Bilateral AI - Research Modules

Bilateral AI aims at developing the foundation for broad AI systems with interacting sub-symbolic and symbolic components as depicted in the following Figure giving an overview of the research agenda of the BILAI Cluster of Excellence:

Eight interconnected Research Modules (RMs) will address the following topics:

• Graph-based structures (RM1)
• Context (RM2)
• Knowledge & Learning (RM3)
• Reasoning (RM4)
• Causality (RM5)
• Explainable AI (RM6)
• Ethical AI Systems (RM7)
• Demonstration and Benchmarking (RM8)

Graph-based structures (RM1)

Graph-based structures are highly relevant to all the essential properties of a broad AI. Graph-based structures are inherently symbolic and often equipped with sub-symbolic attributes such as costs or interaction strength. They are omnipresent when solving complex tasks, and can appear as navigation maps, as social or physical interaction networks, or as object relations. Graphs are ideal to transfer knowledge: their nodes and edges represent learned or known abstractions of real-world entities; their structure is typically very robust; they can be readily adapted to new situations or even constructed on the fly; they allow for advanced reasoning; and they allow employing efficient algorithms from computer science. Because of the inherent symbolic nature and their suitability for learning and sub-symbolic elements, they naturally constitute a promising starting point as a core component for a bilateral AI approach.

Context (RM2)

Context is typically used by humans for solving complex tasks using associations with recent or past experiences. New situations can be associated with stored ones to provide a context, which makes humans very robust against domain shifts and allows them to adapt quickly. As only the abstraction of a situation is stored to give a context, memory- and context-based processing is highly suited for knowledge transfer. We will investigate novel approaches to combine symbolic and sub-symbolic representations of context and memory in bilateral AI systems, inspired by the memory system of the brain. Our aim is to improve AI systems with respect to robustness, adaptivity, abstraction, and knowledge transfer using bilateral AI approaches.

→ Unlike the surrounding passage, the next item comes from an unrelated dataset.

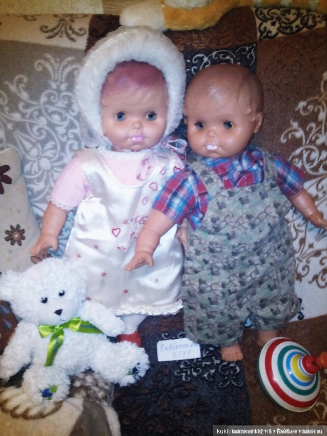 Здравствуйте, хочу познакомить вас с частичкой моей коллекции. Этого прелестного, 60-ти сантиметрового, мальчугана я случайно увидела на Авито, как обычно проводя свободное, и наполненное скукой, время в разделе игрушек. Своего Андрюшу я приобрела у очень немолодой женщины, которая сказала, что с данным пупсом играли ее внуки в детстве. Куклёныш мне достался в розовом, девчачьем одеянии. Тогда я и не знала, что это именно за кукла и каких времён, но мне почему-то очень захотелось заиметь себе в коллекцию этого харизматичного малыша. Придя домой и прошерстив хорошенько интернет я выяснила, что это пупс Андрюша Белорусской фабрики времён СССР. На Андрюше были небольшие следы времени, в виде стертых губок и пожелтевших белков глаз. Андрюша был постиран и высушен на балконе. Я слегка отреставрировала его глазки и ротик и нашла в магазине, подходящую ему на мой взгляд, одежку (благо сейчас есть самые разнообразные вещи на самых маленьких детей, так что подобрать не было проблемой). Теперь Андрюша стал красивым, нарядным — настоящим мальчуганом, и достойно пополнил мою коллекцию.

Knowledge and Learning (RM3)

This research module focuses on the integration of efficient computational logic, symbolic reasoning, and expert knowledge into machine learning. It deals with the use of efficient methods from computational logic for optimizing symbolic machine learning models, as well as on integrating learned knowledge into reasoning modules. In combining machine learning with symbolic AI, these approaches will build a foundation of our bilateral vision.

Reasoning (RM4)

This research module aims at enhancing symbolic reasoners as needed for solving tasks requiring exact solutions. Examples of such tasks include the formal verification of the correctness of software systems, the automatic solving of planning problems and games, and the correct configuration of complex systems. Synergies with subsymbolic approaches will be exploited on the hand to generate efficient symbolic encodings of application problems in a user-friendly manner. On the other hand, subsymbolic techniques will be employed to deal with the inherently large search space symbolic reasoners are confronted with.

Causality (RM5)

This research module aims at revealing and utilizing valid causal mechanisms underlying the data via efficient causal learning and inference methods based on hybrid, semi-symbolic representations that implement symbolic computations. Causal learning is relevant for advanced reasoning, can adapt well to new situations when causes remain the same, and helps knowledge transfer. Causality is used both in symbolic and sub-symbolic techniques in our bilateral AI approach.

Explainable AI (RM6)

Explainable AI aims to exploit symbolic techniques in order to make deep neural networks more interpretable and explainable. This includes aligning neural networks with symbolic theories, as well as integrating symbolic reasoning into deep learning models. We also aim at improving the generation of natural language explanations and develop evaluation techniques for explainable AI. Explainable AI is a prerequisite for interactions of AI systems with humans and for knowledge transfer from AI to humans and vice versa.

Ethical AI Systems (RM7)

Ensuring AI systems are ethical and responsible is vital in today's digital society, and a key focus across all research modules. In RM7 we explore practical ways to apply policies and ethical principles - such as privacy, fairness, and non-maleficence / beneficence. Additionally, various transparency, compliance, and governance mechanisms are used to ensure that Broad AI can operate in a legally sound, ethically sensitive, and socially acceptable way.

Demonstration and Benchmarking (RM8)

In this cross-cutting research module we provide showcases for the various bilateral methods developed in the other research modules and develop new concrete research questions and challenges to be fed back to them.